The results presented herein focused on the characterization and application of Nerium oleander fruit as a biomaterial for the adsorption of methylene blue from aqueous solution. FTIR spectroscopy indicated the presence of the main absorption peak characteristics of cellulose and noncellulose compositions. XRD patterns showed the characteristics of cellulose I composition. SEM features showed a rough and heterogeneous Nerium surface.

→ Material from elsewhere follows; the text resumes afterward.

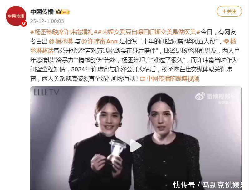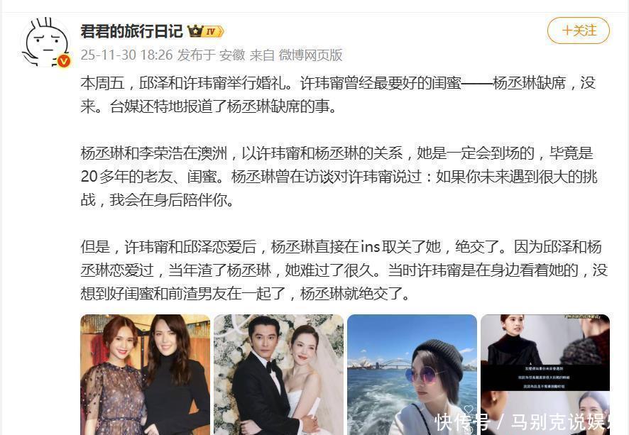 背后的原因,直指一段旧日创伤。邱泽早年与杨丞琳恋爱时,被指冷暴力离异,让杨丞琳“痛心了很久”。而那时行动闺蜜的许玮甯,全程见证了这段心理从驱动到落空。如今,好友与曾深深伤害过我方的前男友走到沿途,对杨丞琳而言,无疑是一种双重抵御。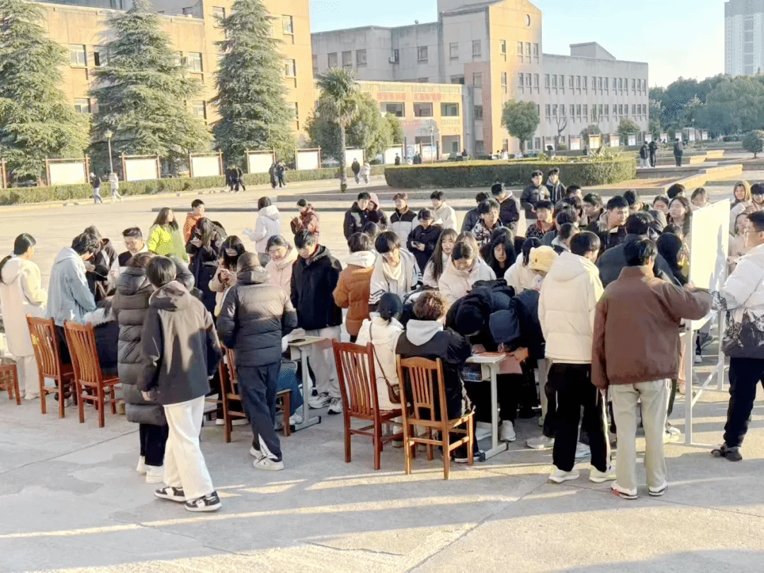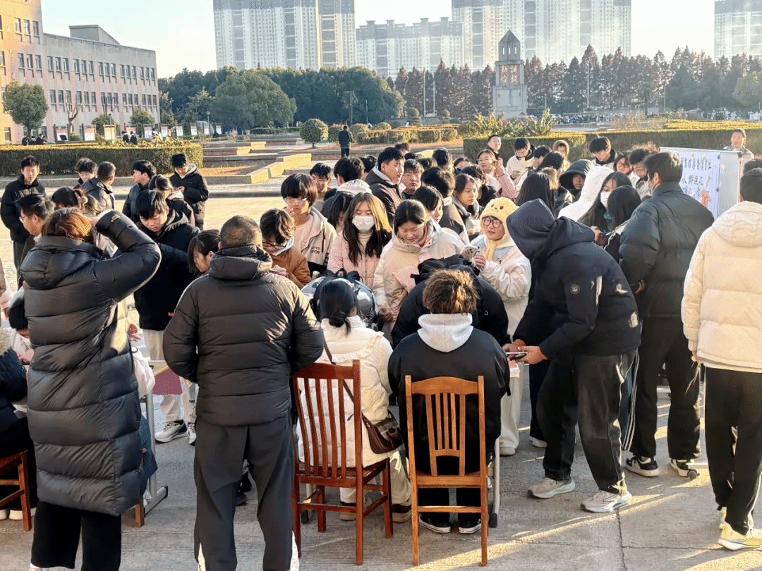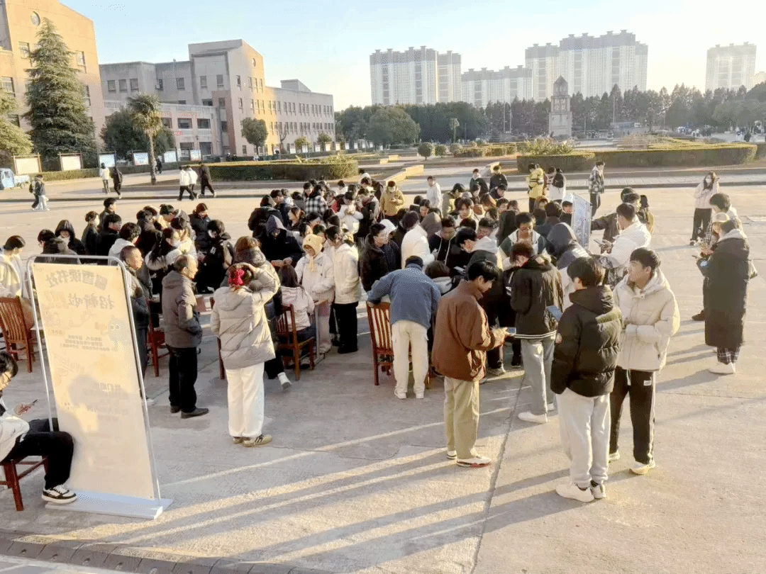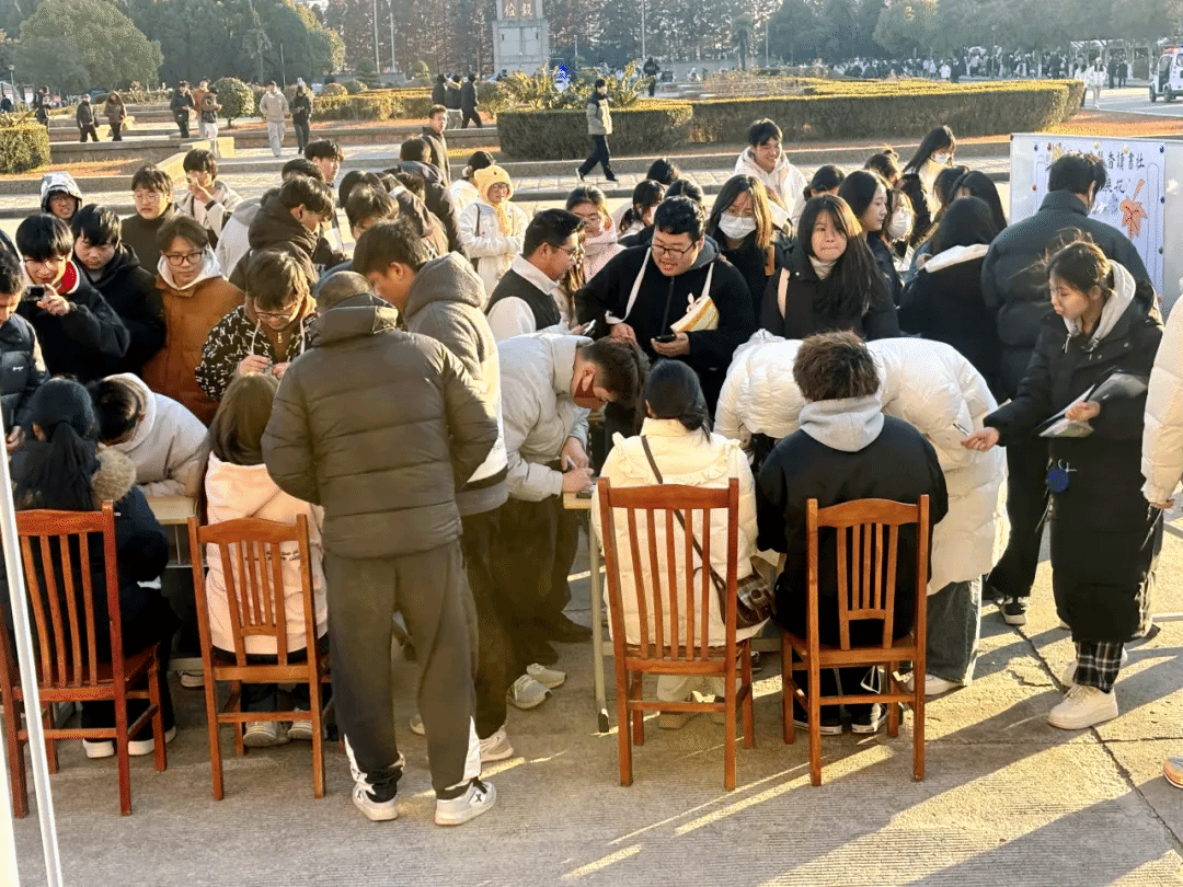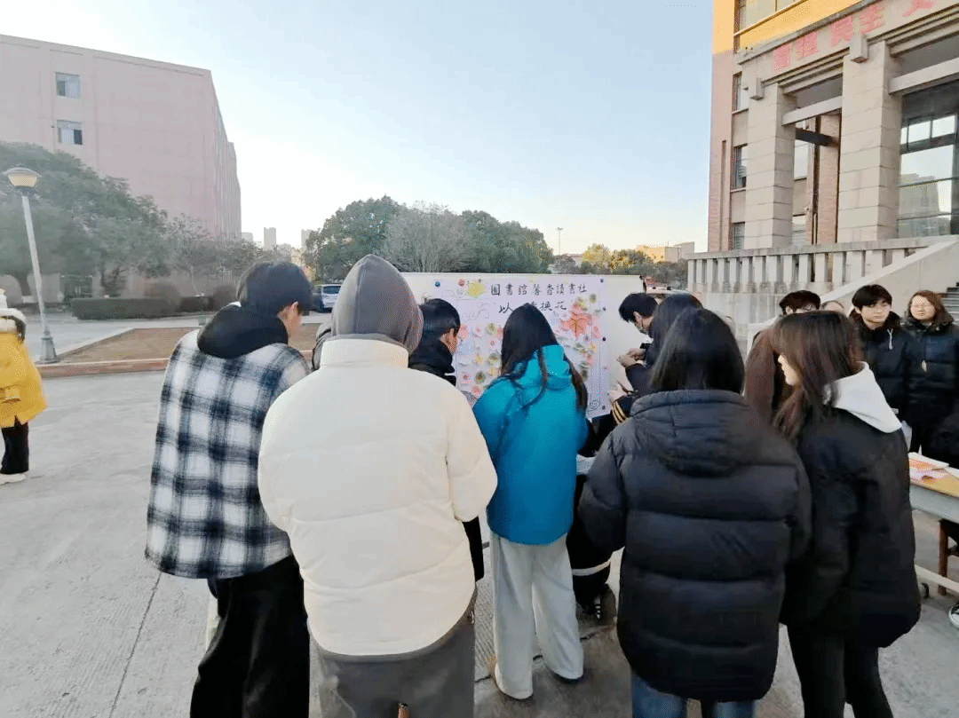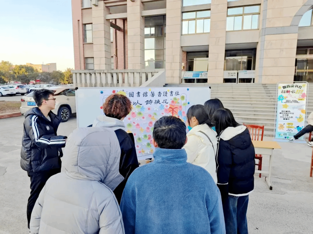 2025年12月3日下午4时在中山楼大门前,图书馆馨香读书社“以诗换花”主题活动温馨启幕,吸引全校师生踊跃参与。

TGA analysis indicated that Nerium fruit is composed of cellulose and noncellulosic matters. The adsorption capacity reached 259 mg/g at room temperature, which constitutes a high level of capacity compared with other published biosorbents. The values of the mean free energy calculated by the Dubinin isotherm were 74.53 to 84.52 KJ mol⁻¹, suggesting a chemisorption mechanism. It was found that adsorption capacity depends on several experimental parameters, including pH, adsorbent dosage, temperature, etc. The thermodynamic study indicates that the adsorption process was chemical, exothermic, and nonspontaneous. Future work will concern the design of biocomposites based on this material for versatile applications.